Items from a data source
========================================

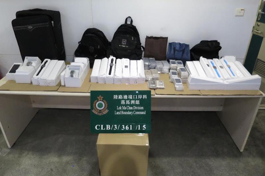 A 45-year-old woman and 34-year-old man were arrested on Saturday after customs officials found 132 iPhones and 26 Apple Watches in their car as they were driving across the border to Shenzhen.
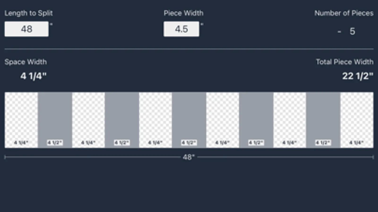 Discover the ultimate solution for effortlessly achieving evenly spaced layouts with the Even Spacing Calculator. Whether you're a woodworker, a DIY enthusiast, or an interior designer, this powerful tool will streamline your projects and save you valuable time.
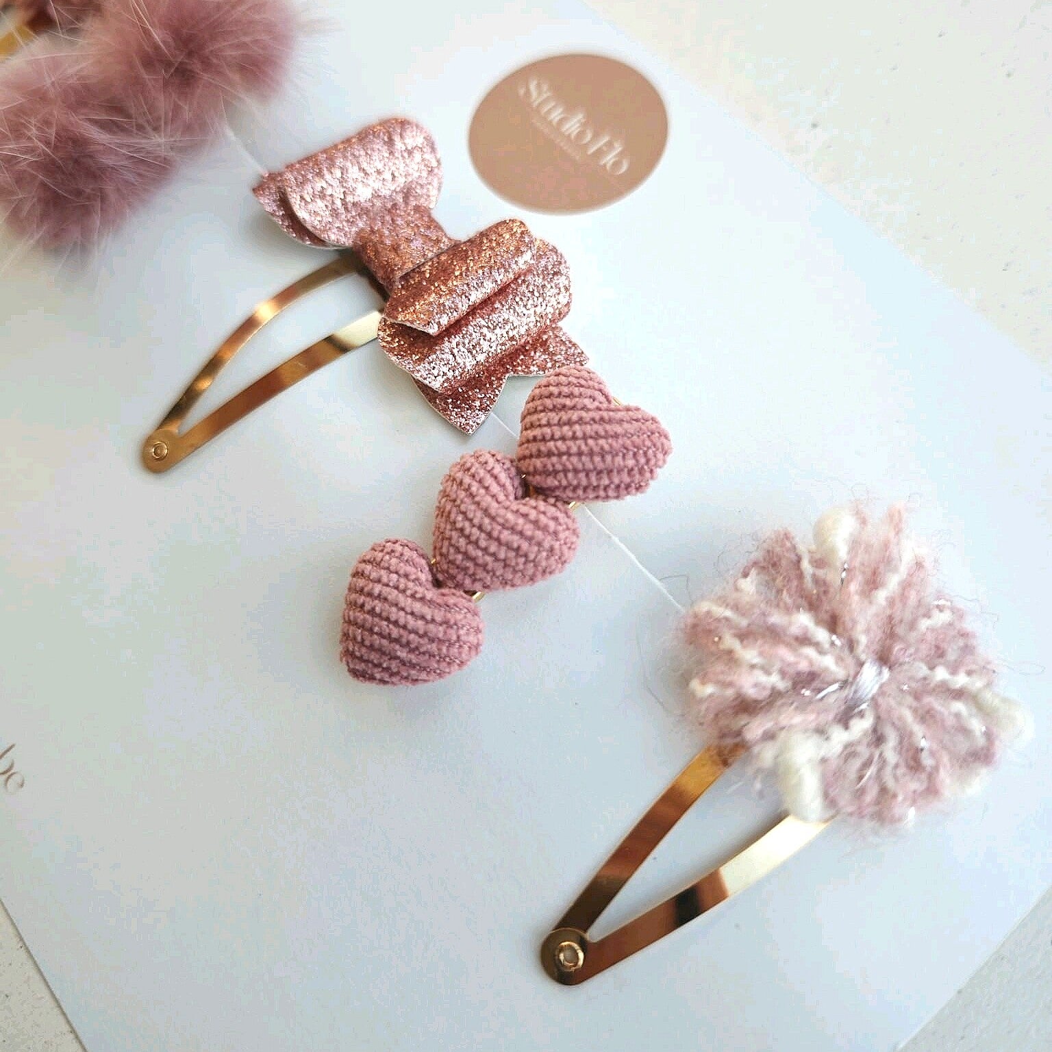 3 klikklakspeldjes en 2 alligatorclipjes elk met hun eigen mooie applicatie zoals te zien op de productfoto.
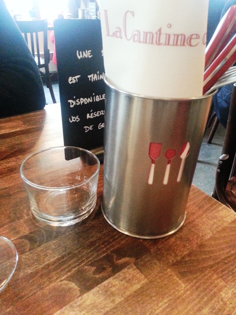 Comme l’endroit revendique son statut de cantine, il n’y a pas de carte (on se lève et on regarde au tableau), la table n’est pas dressée (les couverts sont dans un pot de fer) et il y a certaines règles à respecter (pas de réservation possible, n’importe qui peut s’asseoir votre table, l’addition arrive toute seule avec le café, on ne traîne pas à la fin du repas, etc.). Loin de nous déranger, la formule nous a amusées.
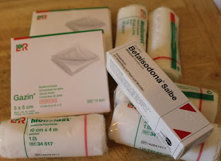 Imre was very supportive and I am grateful for his help. We decided to have the picnic in my kitchen. I got even more of Imre’s news and opinions and was grateful not to be alone. Imre then left. We both agreed that the bicycle ride had not ended as we planned! This morning I went to my Dr. He dressed the wound and gave me 3 prescriptions for bandages and medicine. Here you can see some of these. I will not show you a photo of the wound. Not very nice. Ow!
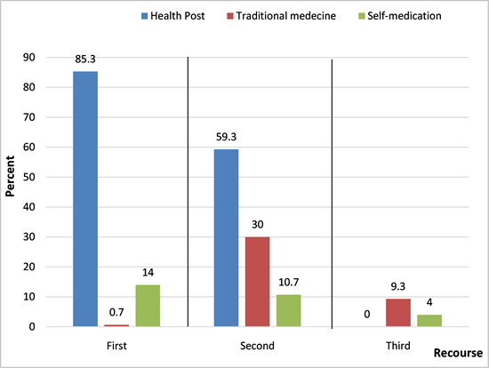 As the second-line, the use of the health post (HP) was higher (59.3%), followed by that of the traditional medicine (30%) and finally self-medication (10.7%).
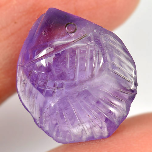 7.64 Ct. Beautiful Fish Carving Natural Gem Violet Amethyst Unheated
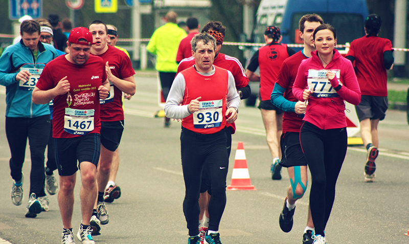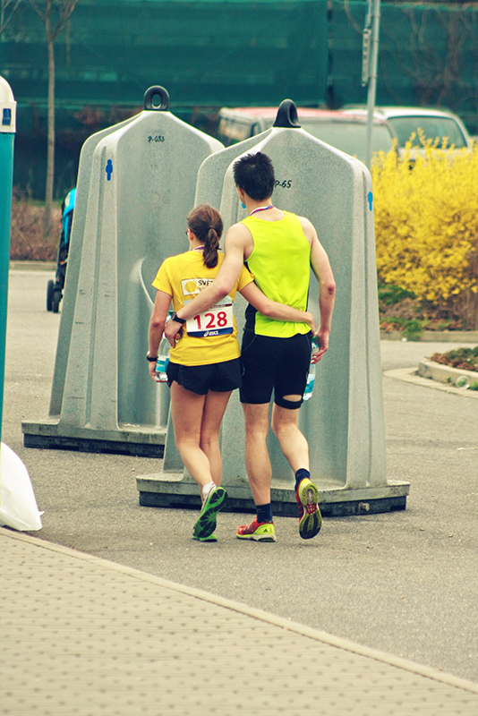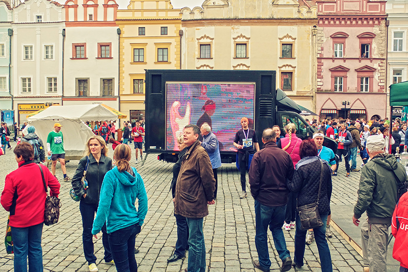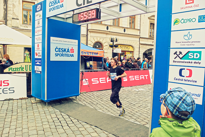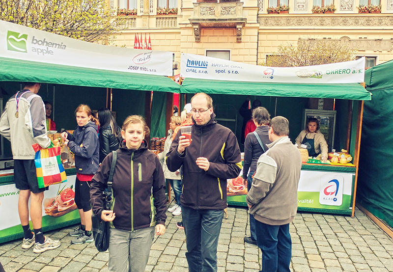 We strolled down towards the town centre, past the rest station, where runners were handed sponges soaked with water to cool themselves off. It wasn’t a scorcher of a day but it was pretty warm all the same. When we reached Pernstejn Square, the heart of the event many people had finished and were walking home with their medals around their necks. Some were doing warm down exercises and rehydrating with water and energy drinks, others were enjoying a nice cold beer.
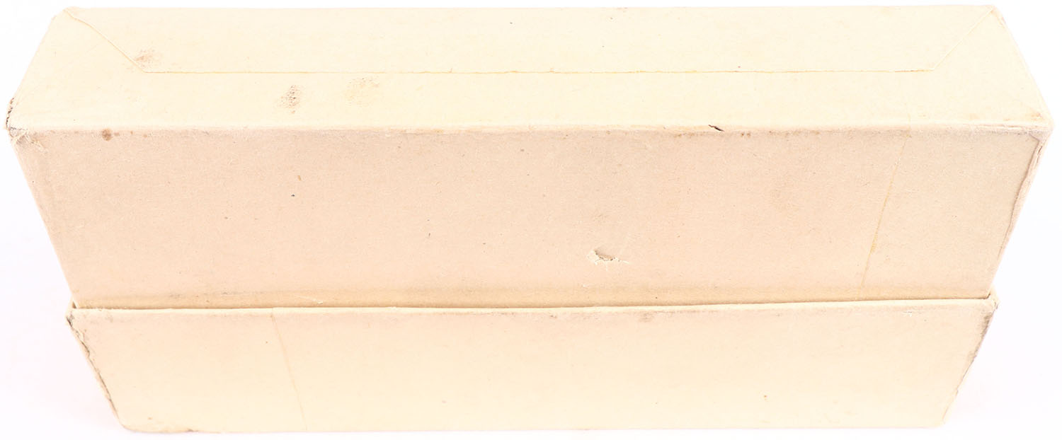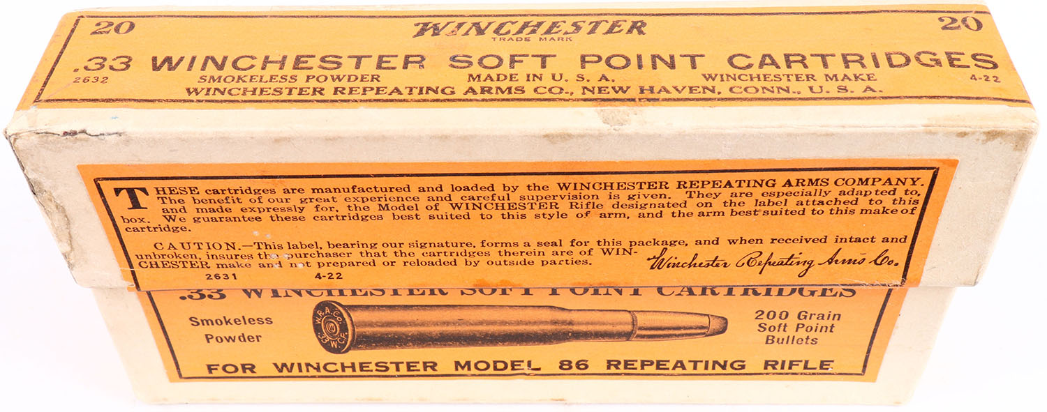 Winchester, .33 Winchester, Smokeless Powder, 200 Grain Soft Point Bullets, FULL & SEALED, 2pc. Buff box with orange labels, box is solid with excellent to minty color, only minor staining to top & front, some edge & corner wear, corners are mostly sharp, edges are mostly crisp, labels are intact. Grade: Excellent ++ - Value: 150 to 300
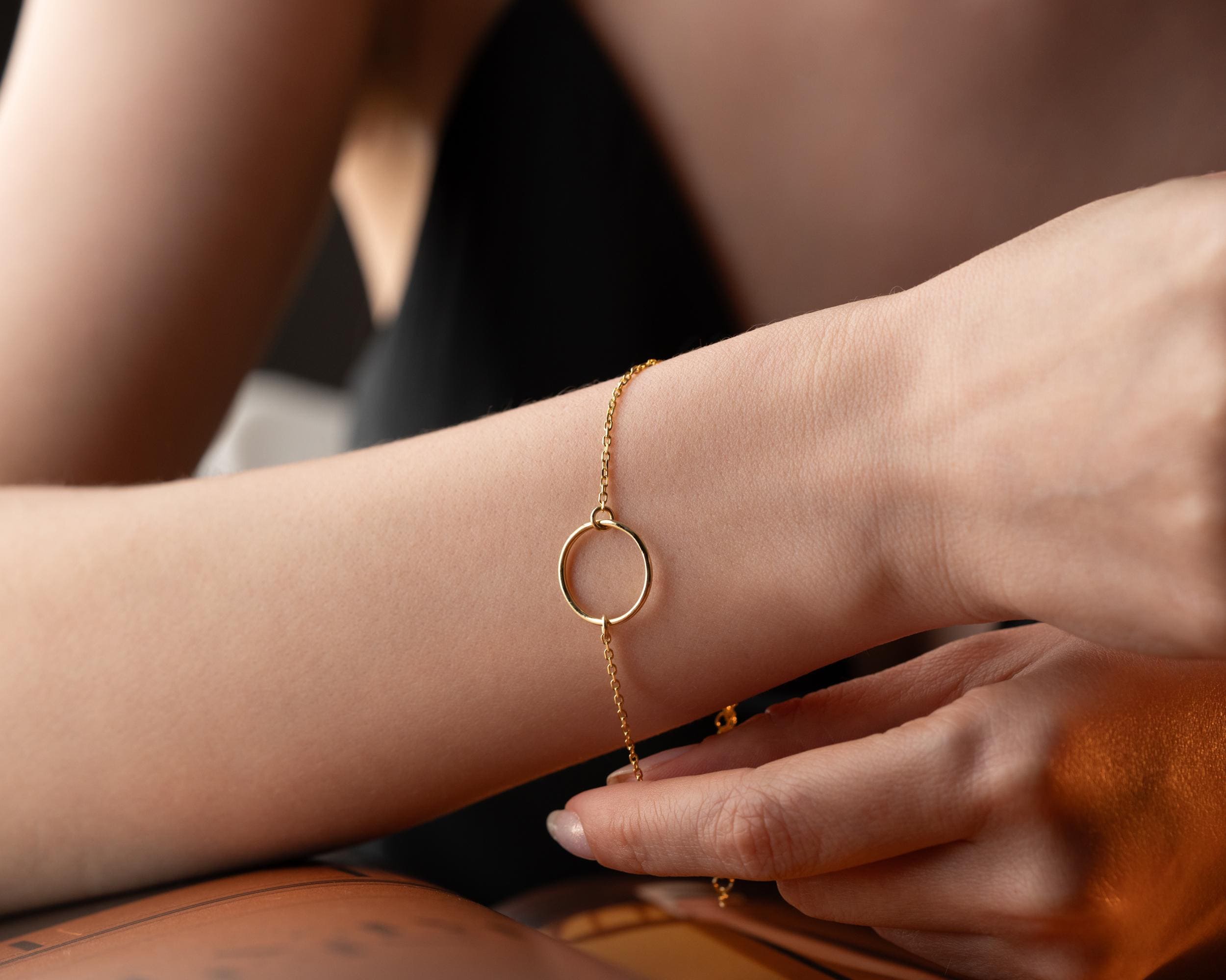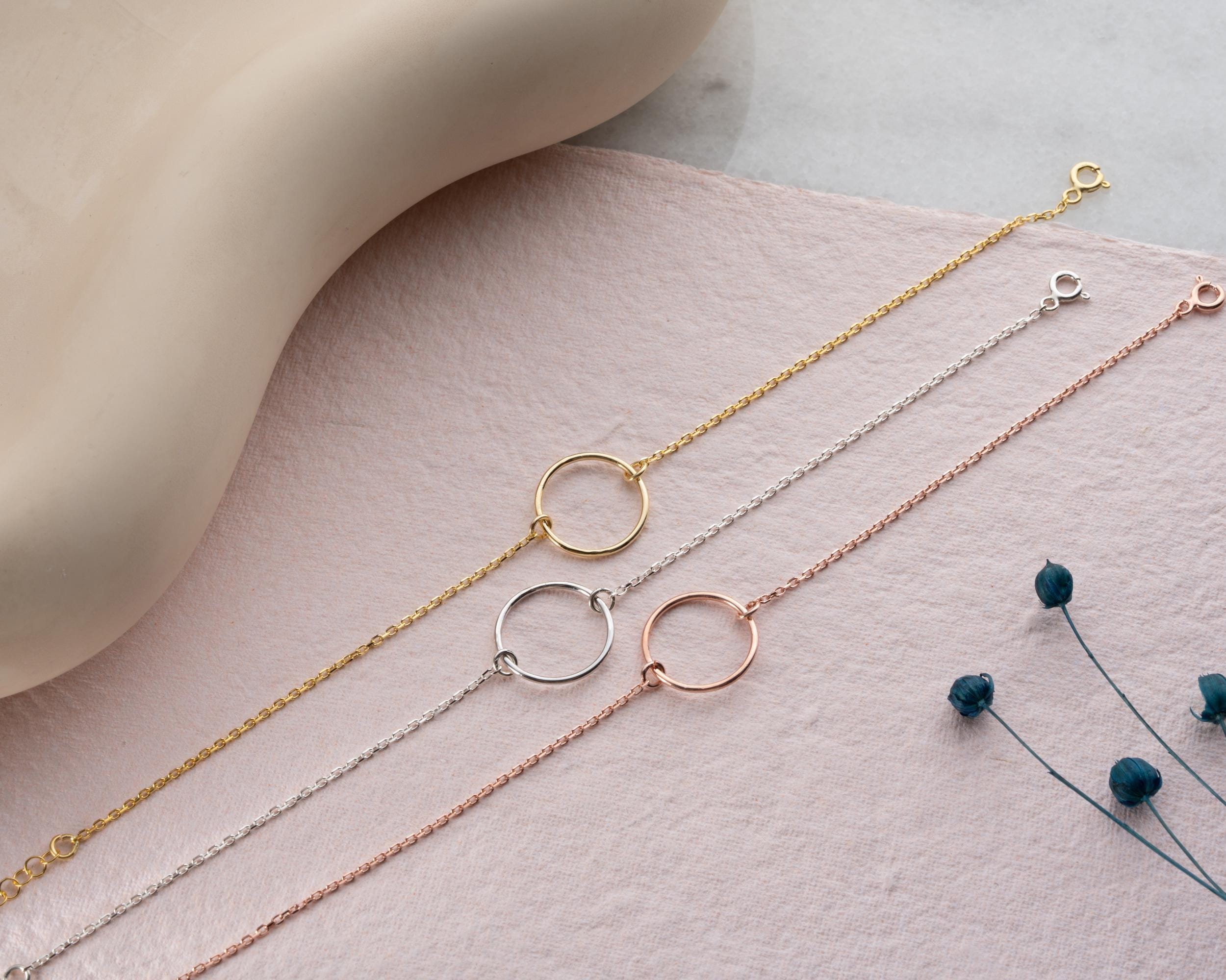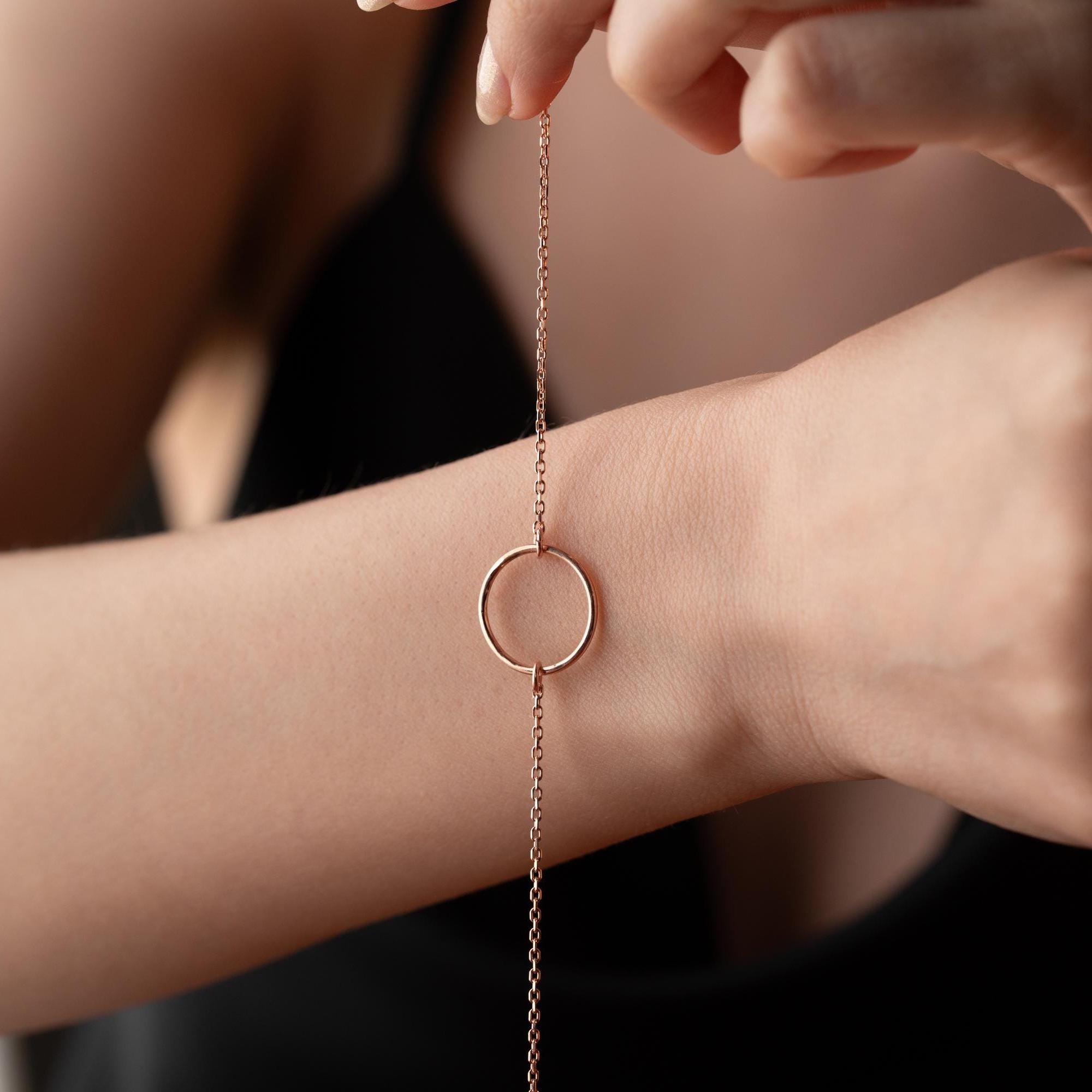 This dainty open circle bracelet blends timeless elegance with modern minimalism. Crafted in your choice of sterling silver, gold, or rose gold, the geometric circle design symbolizes eternity, unity, and wholeness. Perfect for stacking or wearing solo, its lightweight and adjustable chain makes it ideal for everyday wear. Whether you're looking for a subtle accessory or a meaningful gift, this minimalist circle bracelet is a thoughtful addition to any jewelry collection.

========================================

INSTRUCTIONS TO FOLLOW: With pictures removed, write out exactly each line of the entries from the first through the line that holds "7.64 Ct. Beautiful".

EXPECTED ANSWER:
 A 45-year-old woman and 34-year-old man were arrested on Saturday after customs officials found 132 iPhones and 26 Apple Watches in their car as they were driving across the border to Shenzhen.
 Discover the ultimate solution for effortlessly achieving evenly spaced layouts with the Even Spacing Calculator. Whether you're a woodworker, a DIY enthusiast, or an interior designer, this powerful tool will streamline your projects and save you valuable time.
 3 klikklakspeldjes en 2 alligatorclipjes elk met hun eigen mooie applicatie zoals te zien op de productfoto.
 Comme l’endroit revendique son statut de cantine, il n’y a pas de carte (on se lève et on regarde au tableau), la table n’est pas dressée (les couverts sont dans un pot de fer) et il y a certaines règles à respecter (pas de réservation possible, n’importe qui peut s’asseoir votre table, l’addition arrive toute seule avec le café, on ne traîne pas à la fin du repas, etc.). Loin de nous déranger, la formule nous a amusées.
 Imre was very supportive and I am grateful for his help. We decided to have the picnic in my kitchen. I got even more of Imre’s news and opinions and was grateful not to be alone. Imre then left. We both agreed that the bicycle ride had not ended as we planned! This morning I went to my Dr. He dressed the wound and gave me 3 prescriptions for bandages and medicine. Here you can see some of these. I will not show you a photo of the wound. Not very nice. Ow!
 As the second-line, the use of the health post (HP) was higher (59.3%), followed by that of the traditional medicine (30%) and finally self-medication (10.7%).
 7.64 Ct. Beautiful Fish Carving Natural Gem Violet Amethyst Unheated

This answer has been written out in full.